Proof of Proposition 9.3.2 (Inverse Power Method)

We make use of the property in Exercise 6.1.1 in Section 6.1, which states that \(A^{-1}\) has the eigenvalues

\[ \frac{1}{\lambda_1}, \,\frac{1}{\lambda_2},\,\ldots\,,\,\frac{1}{\lambda_n} \]

where the order of the moduli is

\[ \frac{1}{|\lambda_1|}\leq \frac{1}{|\lambda_{2}|} \leq \,\cdots\, \leq \,\frac{1}{|\lambda_{n-1}|} \,< \, \frac{1}{|\lambda_n|}. \]

Thus, \(A^{-1}\) has the dominant eigenvalue \(\dfrac{1}{\lambda_n} = \lambda_n^{-1}\).

Moreover, in the same exercise it is stated that the eigenvectors of \(A^{-1}\) for the eigenvalue \(\lambda_n^{-1}\) are exactly the eigenvectors of \(A\) for eigenvalue \(\lambda_n\).

Thus if we apply the algorithm of the power method to the matrix \(A^{-1}\), we will find an eigenvector \(\mathbf{v}_n\) of \(A^{-1}\) for the eigenvalue \(\lambda_n^{-1}\). This is then also an eigenvector of \(A\) for the smallest eigenvalue \(\lambda_n\).

Remark 9.3.2

From a computational point of view, in the case of a large matrix \(A\), it might be advantageous to compute \(\vect{y} = A^{-1}\vect{x}\) in Step 2(i) of Algorithm 9.3.1 by solving the equation

\[ A\vect{y} = \vect{x}. \]

If the matrix \(A\) is sparse, i.e., has relatively few non-zero entries, its inverse may very well be a dense matrix (i.e., a matrix with many non-zero entries).

Example 9.3.4

Let \(A\) be the matrix \(\begin{pmatrix}5 & 2 \\ 2 & 8 \end{pmatrix}\) of the earlier Example 9.3.1.

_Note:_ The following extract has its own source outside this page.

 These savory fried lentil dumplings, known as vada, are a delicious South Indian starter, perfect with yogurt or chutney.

We saw that \(A\) has the eigenvalues \(\lambda_1 = 9\) and \(\lambda_2 = 4\).

If we apply the Inverse Power Method, starting from

\[\begin{split} \vect{x}_0 = \begin{pmatrix} 1 \\ 1 \end{pmatrix}, \end{split}\]

we find

\[\begin{split} \vect{x}_{12} = \begin{pmatrix} 1.0000 \\ -0.4998 \end{pmatrix}. \end{split}\]

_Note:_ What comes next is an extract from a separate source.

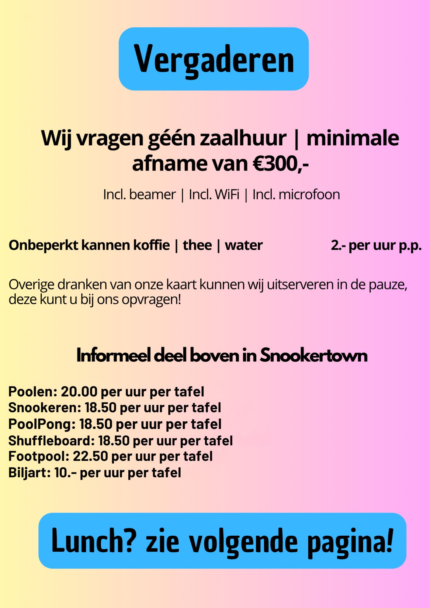 Wij vragen geen zaalhuur bij een afname van minimaal €300

This is indeed very close to the eigenvector

\[\begin{split} \vect{v}_2 = \begin{pmatrix} 1.0 \\ -0.5 \end{pmatrix} \end{split}\]

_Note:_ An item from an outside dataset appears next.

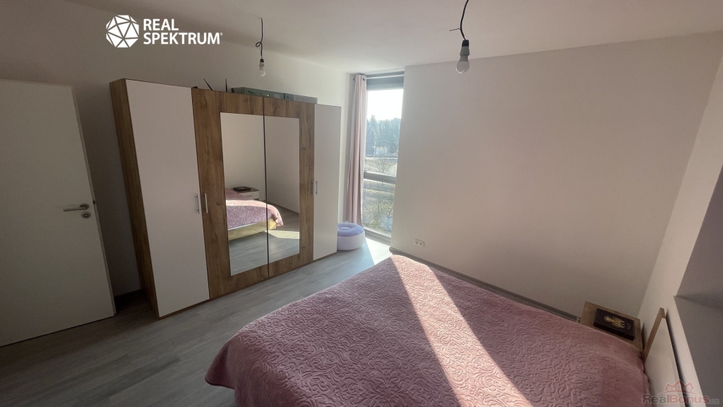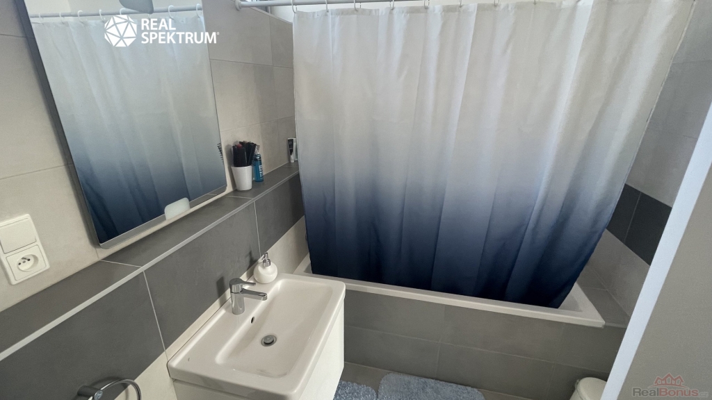Dominantou bytu je světlý obývací prostor s kuchyňským koutem, který je vybaven kuchyňskou linkou se spotřebiči ? k dispozici je lednice, myčka, trouba, varná deska a dále i pračka. Byt tak nabízí pohodlné nastěhování bez nutnosti dalších investic do základního vybavení.

for the eigenvalue \(4\) of the matrix \(A\).

The inverse power method can often be used to find one or more other eigenvalues than just the largest and the smallest.

The starting point is that if a matrix \(A\) has the eigenvalues

\[ \lambda_1, \lambda_2, \ldots, \lambda_n \]

then the matrix \(A - \alpha I\) , where \(\alpha\) is some constant, has the eigenvalues

\[ (\lambda_1-\alpha), \quad (\lambda_2-\alpha),\,\, \ldots, \,\,(\lambda_n-\alpha). \]

Namely,

\[ A\vect{v}_i = \lambda_i\vect{v}_i \, \iff \, (A - \alpha I)\vect{v}_i = (\lambda_i -\alpha)\vect{v}_i, \]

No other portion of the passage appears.